Your assignment: From the data below, set down exactly the lines between the one holding "Muito chimarrão, diversão, conversa" and the one holding "Hoy me levanté", inclusive, and no others.

Available data:
════

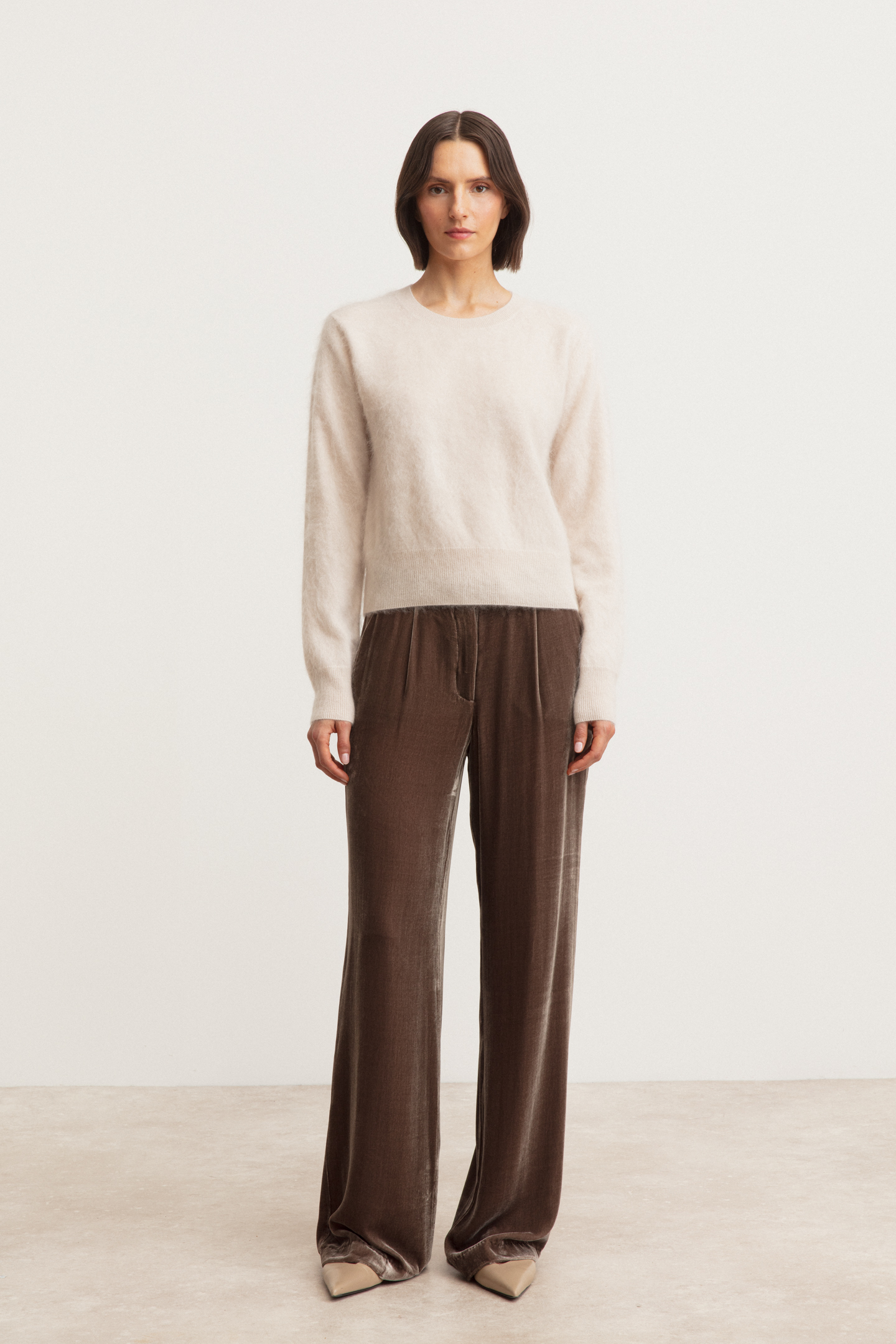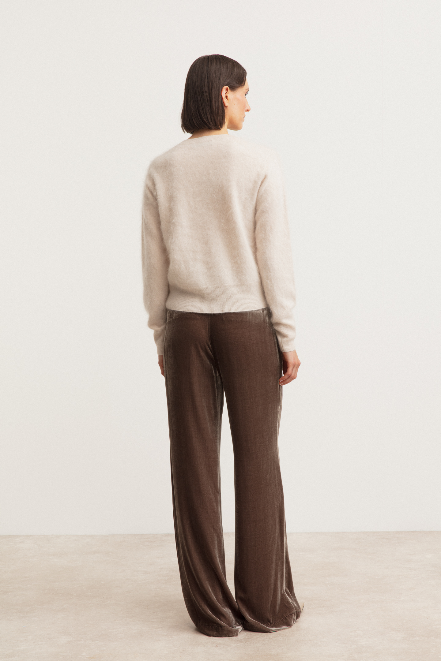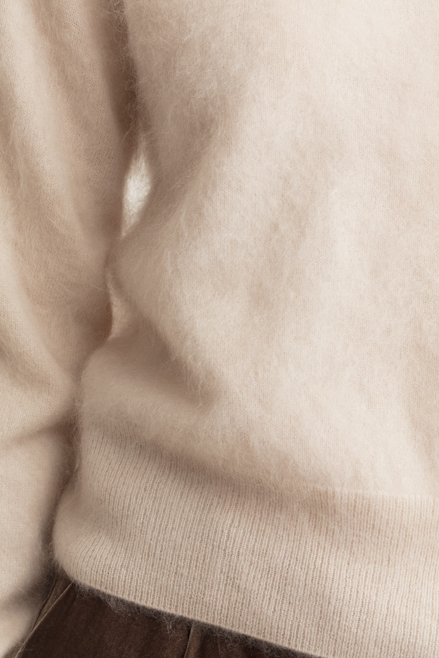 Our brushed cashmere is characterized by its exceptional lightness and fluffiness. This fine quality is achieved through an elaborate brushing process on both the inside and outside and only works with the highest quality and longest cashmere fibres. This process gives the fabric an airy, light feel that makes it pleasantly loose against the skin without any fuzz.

════

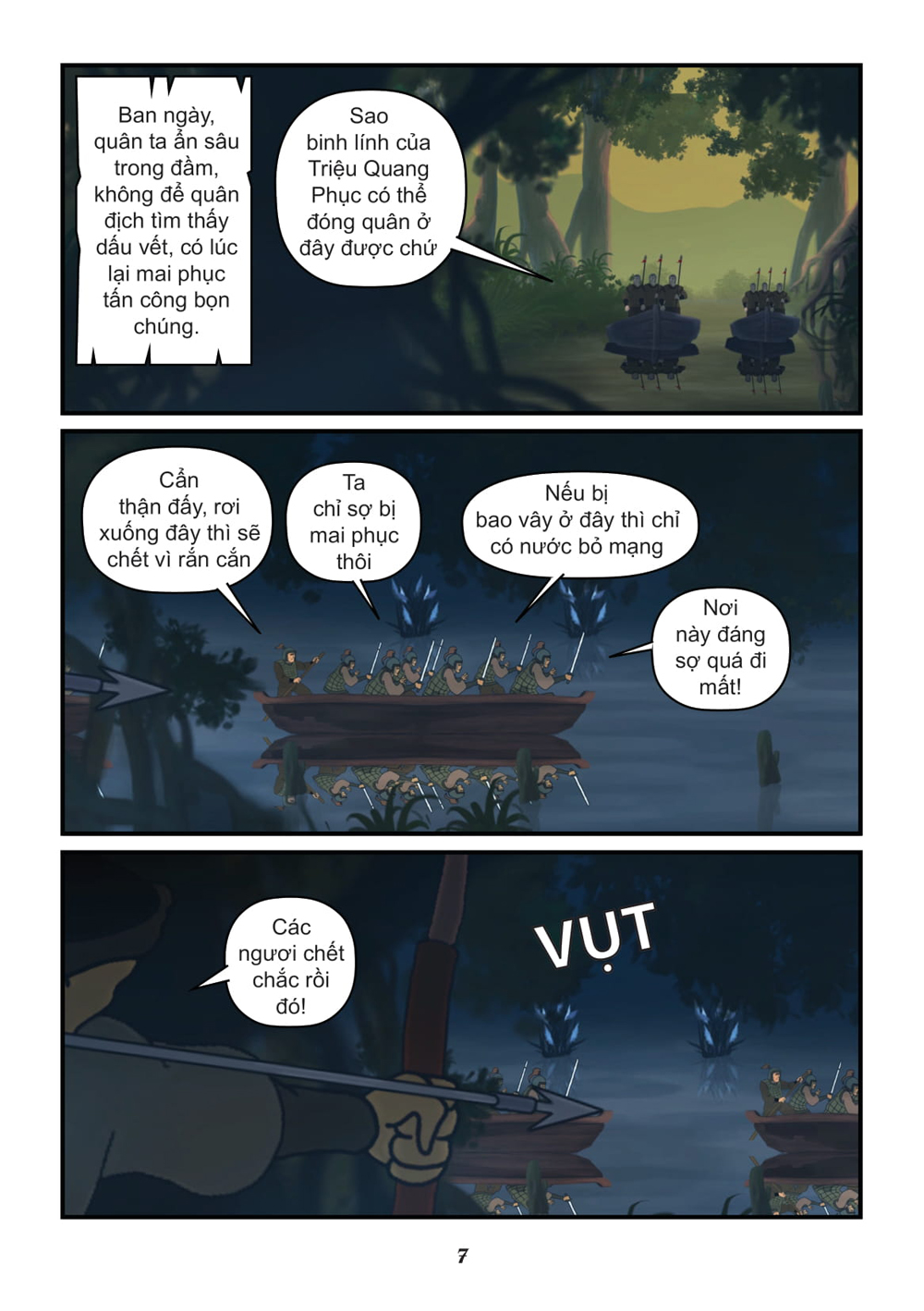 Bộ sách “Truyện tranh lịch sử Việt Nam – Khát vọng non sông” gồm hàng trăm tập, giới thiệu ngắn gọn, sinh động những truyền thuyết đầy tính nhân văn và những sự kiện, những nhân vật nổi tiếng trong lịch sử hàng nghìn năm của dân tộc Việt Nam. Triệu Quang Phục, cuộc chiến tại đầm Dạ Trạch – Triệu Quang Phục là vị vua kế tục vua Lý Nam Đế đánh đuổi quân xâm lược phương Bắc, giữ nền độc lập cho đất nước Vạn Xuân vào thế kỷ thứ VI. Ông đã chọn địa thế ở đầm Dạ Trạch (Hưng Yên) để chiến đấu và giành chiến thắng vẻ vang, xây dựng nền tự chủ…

════

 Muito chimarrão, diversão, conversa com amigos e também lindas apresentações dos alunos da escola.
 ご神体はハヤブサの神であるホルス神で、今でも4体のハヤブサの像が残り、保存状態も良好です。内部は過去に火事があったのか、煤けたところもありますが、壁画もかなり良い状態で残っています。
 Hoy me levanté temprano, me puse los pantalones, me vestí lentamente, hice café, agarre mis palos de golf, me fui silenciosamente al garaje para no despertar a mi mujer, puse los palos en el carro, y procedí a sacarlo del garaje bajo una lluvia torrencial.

════

Expected answer:
 Muito chimarrão, diversão, conversa com amigos e também lindas apresentações dos alunos da escola.
 ご神体はハヤブサの神であるホルス神で、今でも4体のハヤブサの像が残り、保存状態も良好です。内部は過去に火事があったのか、煤けたところもありますが、壁画もかなり良い状態で残っています。
 Hoy me levanté temprano, me puse los pantalones, me vestí lentamente, hice café, agarre mis palos de golf, me fui silenciosamente al garaje para no despertar a mi mujer, puse los palos en el carro, y procedí a sacarlo del garaje bajo una lluvia torrencial.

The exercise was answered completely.